Problem
The data below is to be transcribed word for word; pictures are to be excluded.

Given material
== Segment start ==

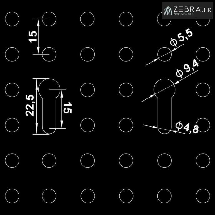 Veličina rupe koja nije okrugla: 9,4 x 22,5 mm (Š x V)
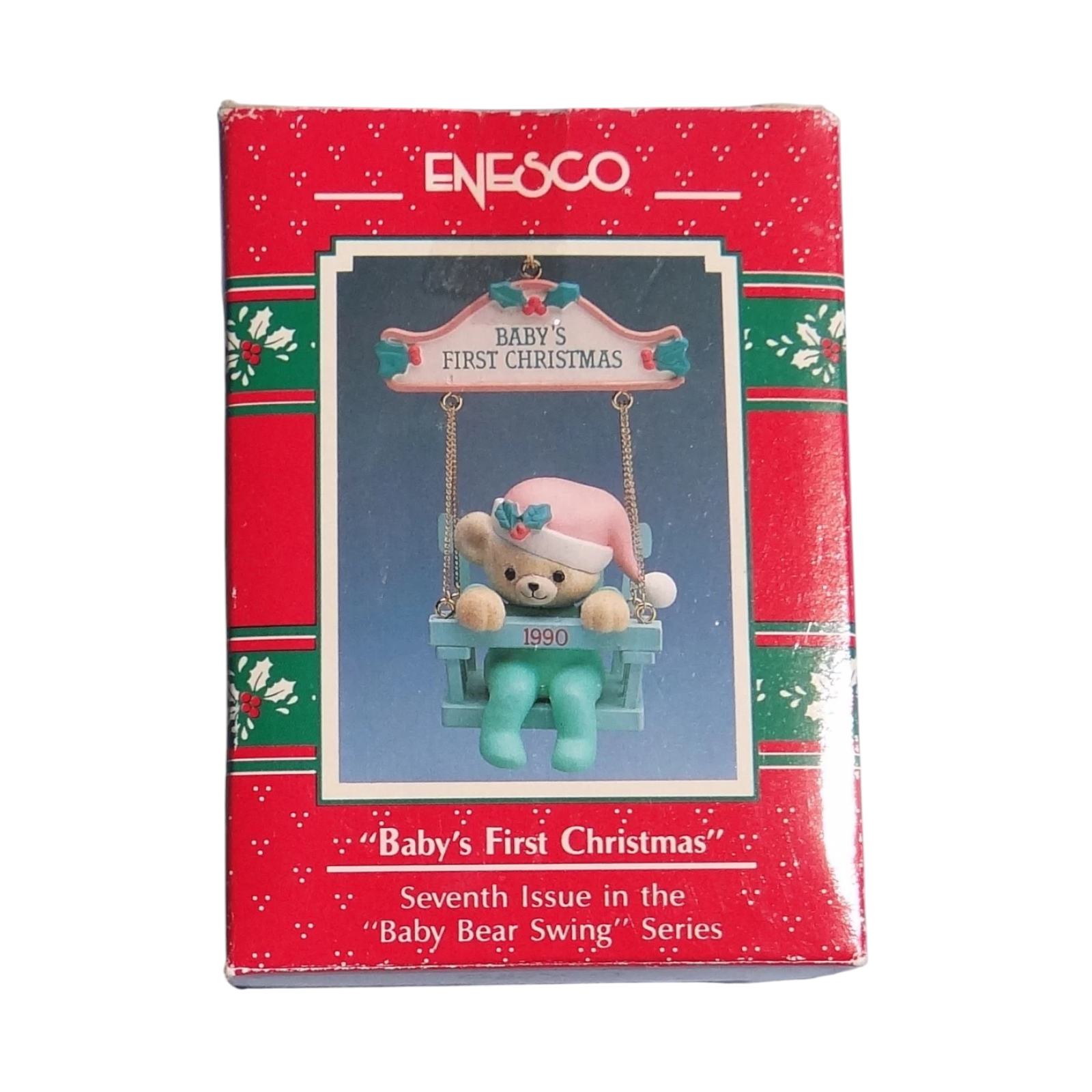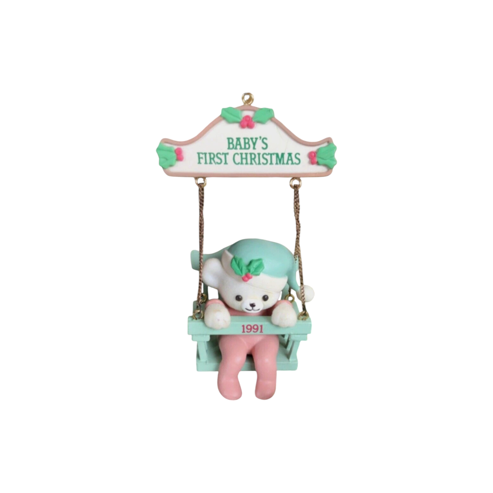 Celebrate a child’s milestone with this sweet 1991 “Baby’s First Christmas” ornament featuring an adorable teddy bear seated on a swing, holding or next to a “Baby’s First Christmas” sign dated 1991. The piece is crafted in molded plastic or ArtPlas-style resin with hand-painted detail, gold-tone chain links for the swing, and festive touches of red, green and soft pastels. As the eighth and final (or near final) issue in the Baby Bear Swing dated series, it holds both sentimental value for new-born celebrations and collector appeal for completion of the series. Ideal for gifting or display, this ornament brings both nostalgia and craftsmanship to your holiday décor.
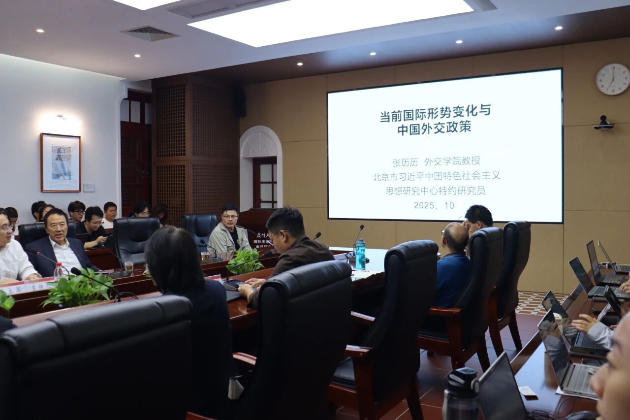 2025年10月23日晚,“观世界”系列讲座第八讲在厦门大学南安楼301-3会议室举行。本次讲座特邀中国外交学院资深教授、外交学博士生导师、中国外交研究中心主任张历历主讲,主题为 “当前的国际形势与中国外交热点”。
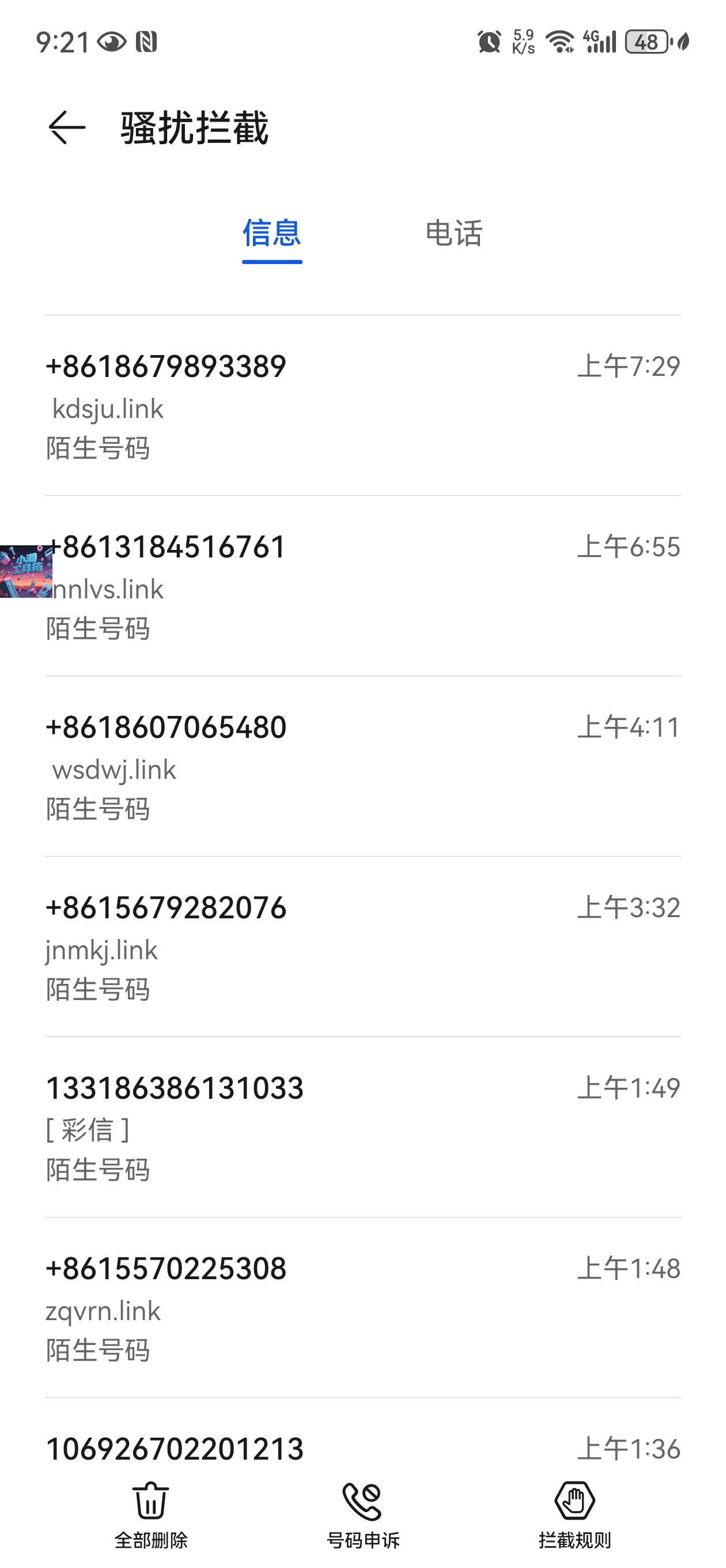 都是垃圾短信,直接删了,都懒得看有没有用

== Segment end ==

Solution to this problem
 Veličina rupe koja nije okrugla: 9,4 x 22,5 mm (Š x V)
 Celebrate a child’s milestone with this sweet 1991 “Baby’s First Christmas” ornament featuring an adorable teddy bear seated on a swing, holding or next to a “Baby’s First Christmas” sign dated 1991. The piece is crafted in molded plastic or ArtPlas-style resin with hand-painted detail, gold-tone chain links for the swing, and festive touches of red, green and soft pastels. As the eighth and final (or near final) issue in the Baby Bear Swing dated series, it holds both sentimental value for new-born celebrations and collector appeal for completion of the series. Ideal for gifting or display, this ornament brings both nostalgia and craftsmanship to your holiday décor.
 2025年10月23日晚,“观世界”系列讲座第八讲在厦门大学南安楼301-3会议室举行。本次讲座特邀中国外交学院资深教授、外交学博士生导师、中国外交研究中心主任张历历主讲,主题为 “当前的国际形势与中国外交热点”。
 都是垃圾短信,直接删了,都懒得看有没有用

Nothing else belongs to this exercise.